[Image above] Credit: Justin Kern; Flickr CC BY-NC-ND 2.0
If you’re not a materials scientist, “controlling grain growth” sounds like lingo you might hear on the farm.
But if you are familiar with materials science and engineering, you know that controlling grains has another important meaning, too.
In fact, controlling grain growth is critical when it comes to engineering ceramic materials. That’s because grain boundaries, the interfaces between individual crystals (grains) that make up a polycrystalline material, determine a material’s properties and performance.
So, if I told you that a team led by researchers at the University of California, Davis has published new research that will shift the paradigm of grain growth control, that would be pretty big news, right?
You can bet the farm it’s big news.
According to Ricardo Castro, associate professor of materials science and engineering at UC Davis and senior author of the new work, “Growth has always been considered a thermodynamically favorable process, and grain growth control is performed by inducing drag forces to stop diffusion (mobility of the boundary) from happening.”
But the team’s new work shows that diffusion isn’t the only consideration when it comes to controlling grain growth. In fact, sometimes, the scientists say, controlling diffusion doesn’t even matter.
The researchers examined one material, gadolinium-doped yttria-stablized zirconia (YSZ), very closely. Their kinetic studies and calorimetery, spectroscopy, and microscopy measurements of gadolinium-doped YSZ showed that the dopant, which segregates to grain boundaries, decreases grain boundary energy within the material.

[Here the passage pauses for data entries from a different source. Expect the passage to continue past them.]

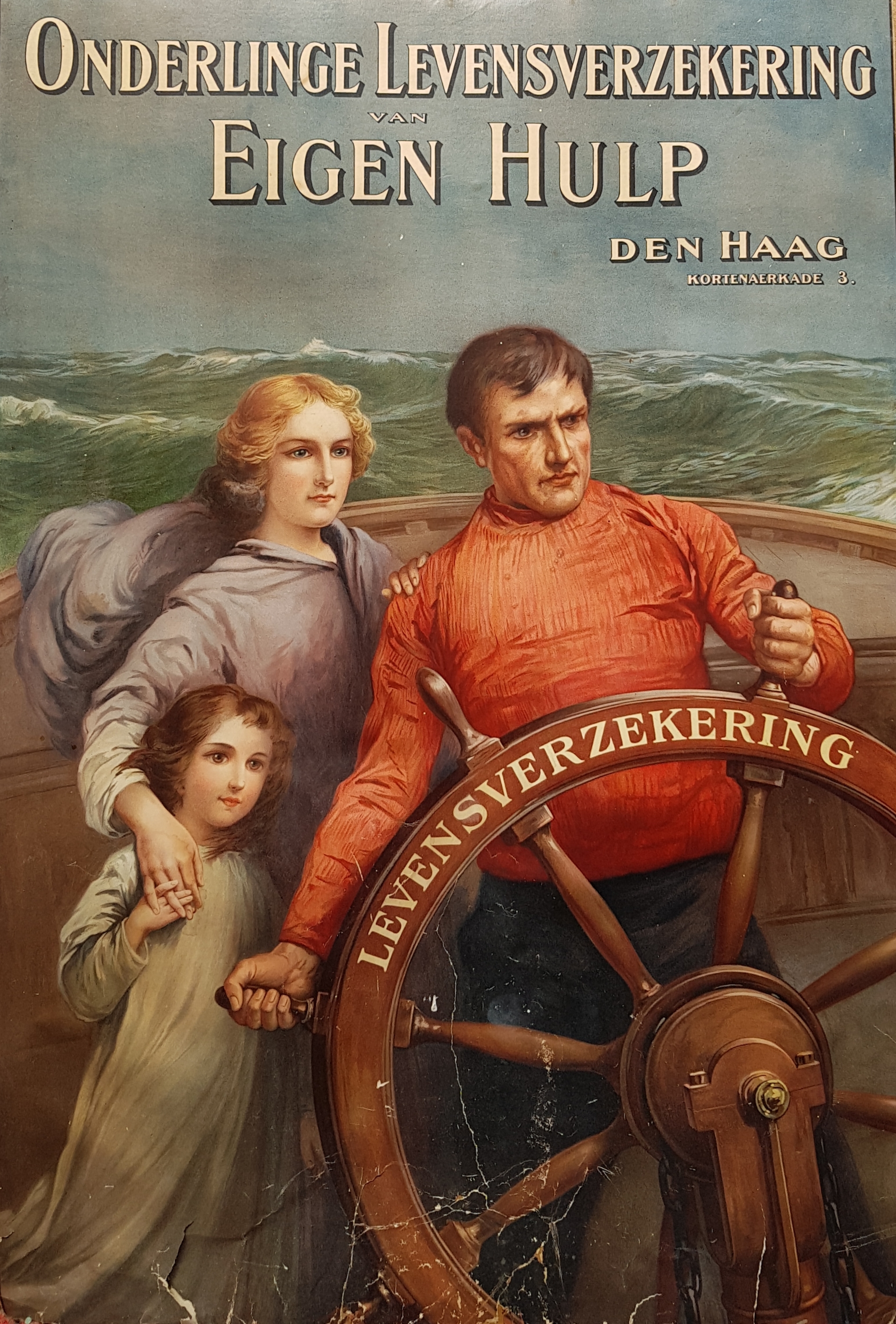 Reclame affiche op groot formaat van de Onderlinge Levensverzekering Eigen Hulp te Den Haag met de titel “Een goed stuurman”. Omstreeks 1912. |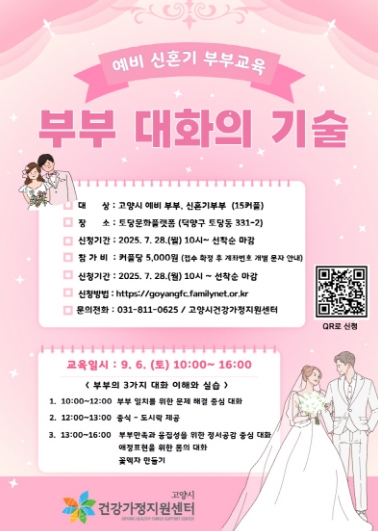 참여 대상은 예비부부 및 신혼부부(결혼 3년 이내) 15커플로, 참여 신청은 7월 28일부터 고양시 건강가정지원센터 누리집에서 가능하며, 커플당 5천원의 참가비가 있다.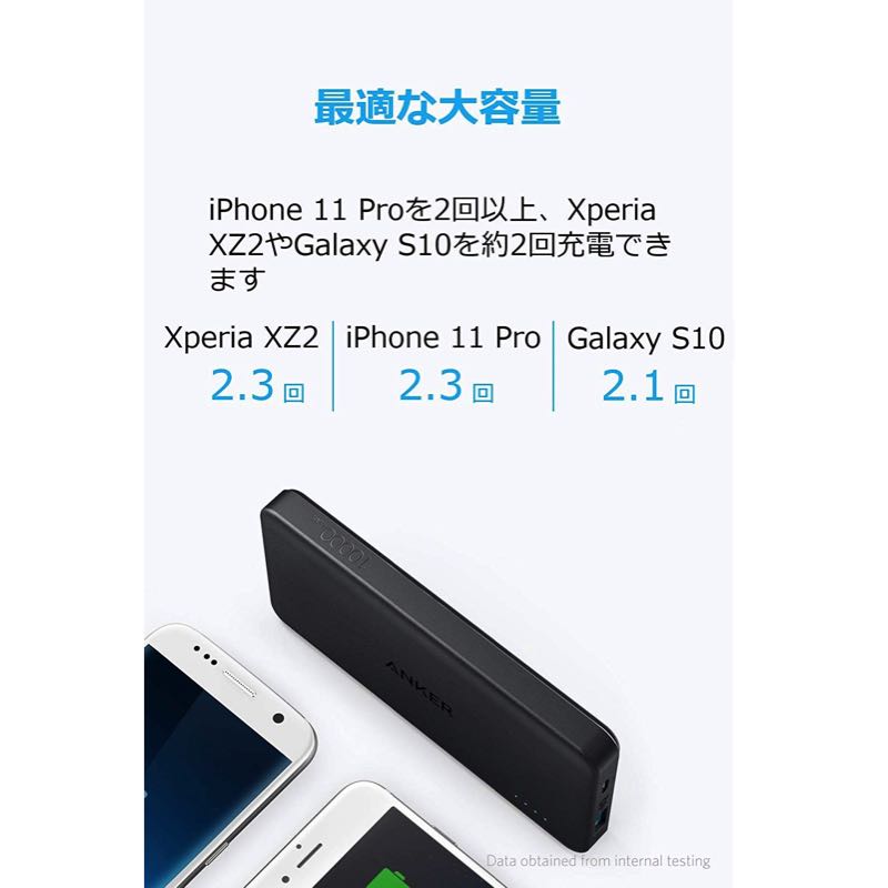 iPhone XSを始め、最新のスマートフォンやタブレット端末、その他のUSB機器を2回以上フル充電することが可能です。いつでも充電でき、もうコンセントに縛られることはありません。その価値は充電だけじゃない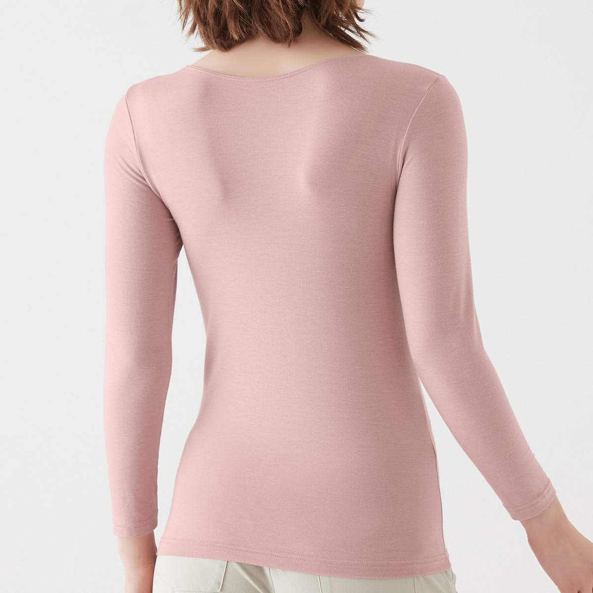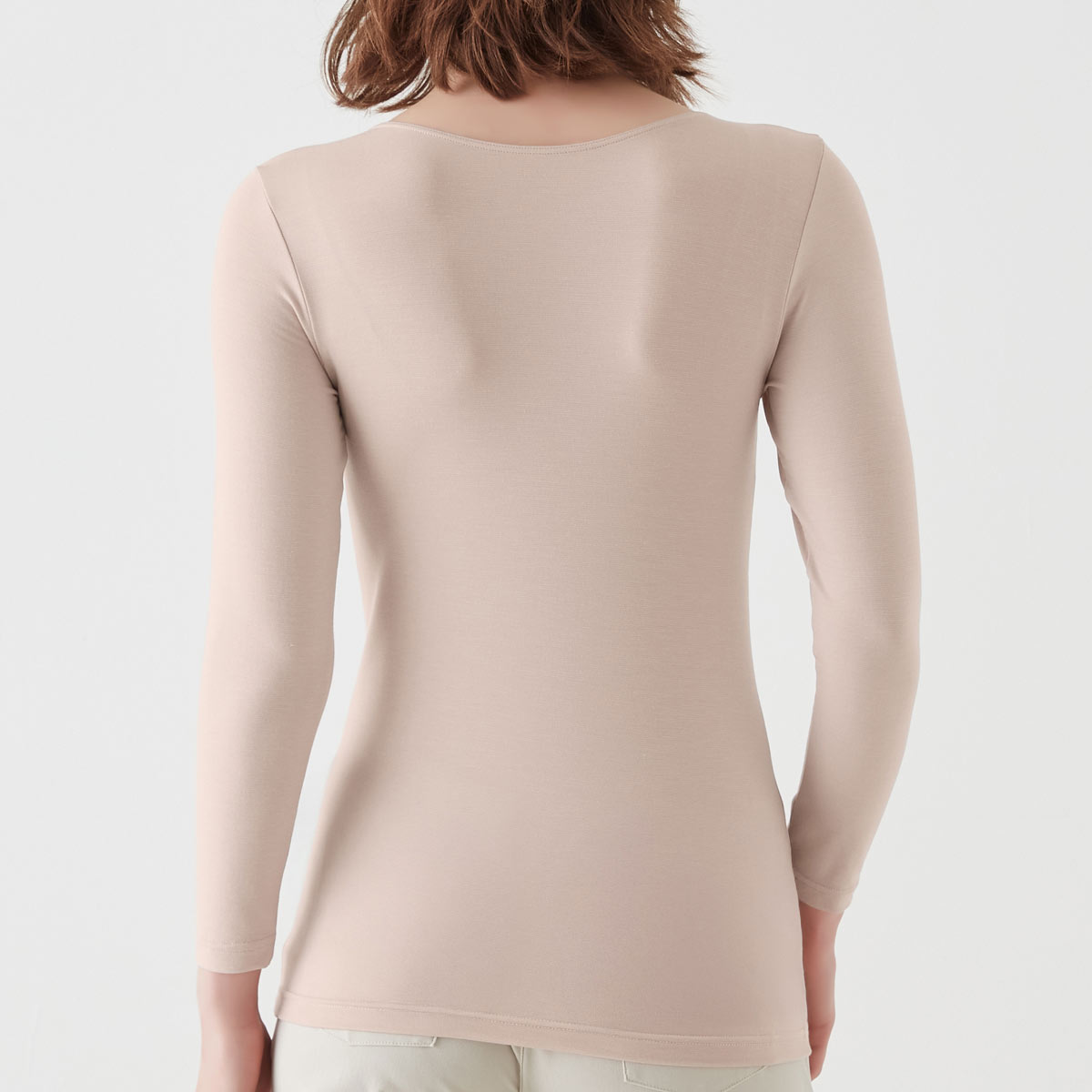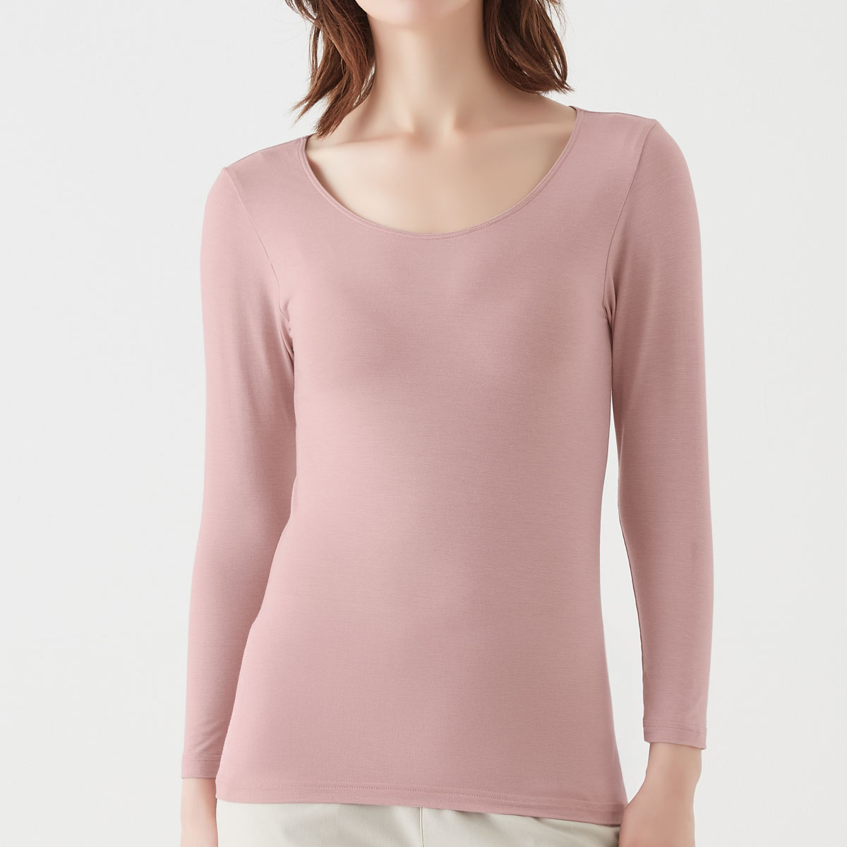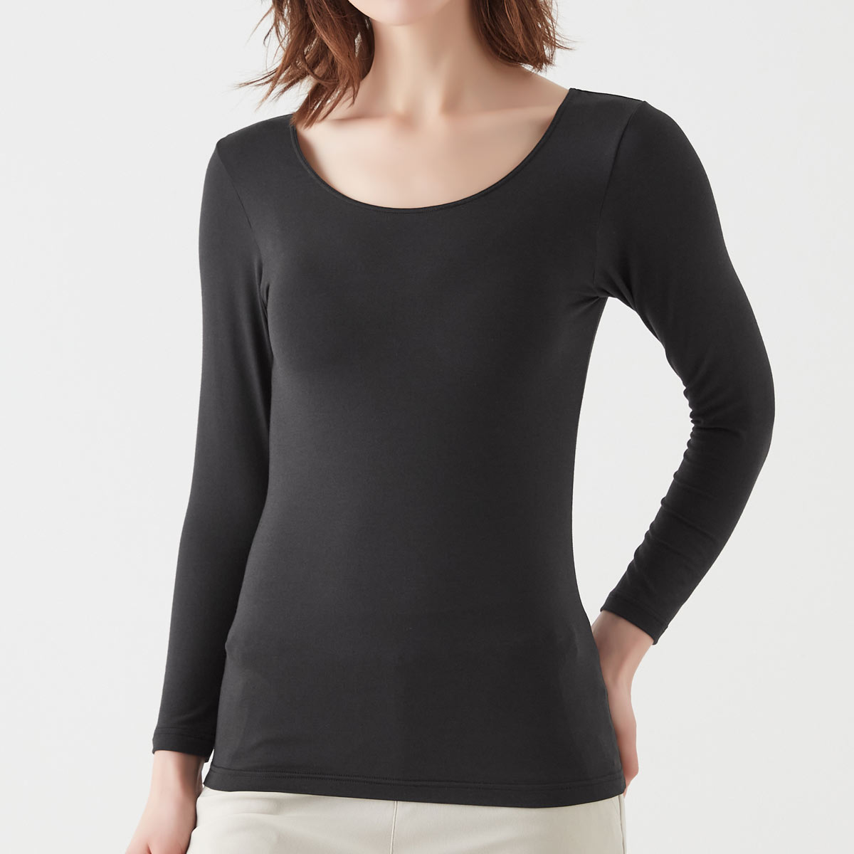 驚きの軽さと薄さ タイトな服の下でもシルエットに響かず、肩こりしにくい軽量設計。秋口から春先まで長く使えます。汗をかいても「冷えない」 吸放湿性に優れ、暖房の効いた室内での汗ムレや、その後の汗冷えを徹底ガード。1日中さらさらの肌触りが続きます。効率的な「吸湿発熱」 身体から出る湿気を熱に変え、薄手ながらもしっかりとしたぬくもりをキープします。使い勝手の良い「8分袖」 アウターの袖口からはみ出しにくく、手元がスッキリ見える絶妙な丈感です。

Less grain boundary energy means there is less of a push on the boundary to move.
Gadolinium doesn’t freeze the grain boundaries, however—they still have the ability to move, although they don’t. “Although the boundaries still have mobility, they follow a random walk, with no net movement,” according to Castro.
It’s like a large crowd at a concert: If there a lot of people jammed together, moving very energetically and frenetically (high grain boundary energy)—say, a concert featuring the Celtic punk band Flogging Molly—people at the edges of the crowd are going to have a hard time staying in place.
But if the crowd is more calm (low grain boundary energy)—say, at an Enya concert—then the people at the edges might shuffle their feet back and forth, but with negligible net movement in the end.
“The take home message is simple—ceramics with no grain growth can and shall be designed by targeting a reduction in the grain boundary energy,” Castro writes in an email. “This work proved that although the atoms in the system can move around at that temperature, they move like a drunk person—with lots of steps but no net movement. Therefore, the boundary doesn’t migrate, and no grain growth is observed.”
These results are surprising because researchers previously assumed that thermodynamics have little effect on grain growth control. Instead, this work provides “striking evidence” that thermodynamics have a dominant effect on grain growth over grain mobility and diffusion, according to the paper.
“The results break an old paradigm that grain growth should be controlled by pinning the movement of the grain boundary by creating obstacles for its movement—so-called drag-forces,” Castro explains via email. “This old paradigm considers the thermodynamics of the system always favorable—grains always want to grow and will grow if they have mobility. We prove this is not true, and grains may not grow if the thermodynamics allow a metastable state.”
Ultimately, because grain boundaries control a material’s properties, being able to tailor the formation of those boundaries could open avenues to better design of future materials. Plus, the researchers think their results extend beyond gadolinium-doped YSZ as well.
“Although the proof of concept is for zirconia, we have additional recently published results that corroborate these observations for other systems,” Castro writes via email. “We believe this combination proves materials professionals have a new way to control grain growth, and they should be considering this for other systems and revisiting previously reported data with new optics.”
“We believe this is so big, textbooks will need to be amended,” Castro adds.
The paper, published in Acta Materialia, is “Thermodynamics versus kinetics of grain growth control in nanocrystalline zirconia” (DOI: 10.1016/j.actamat.2017.07.005).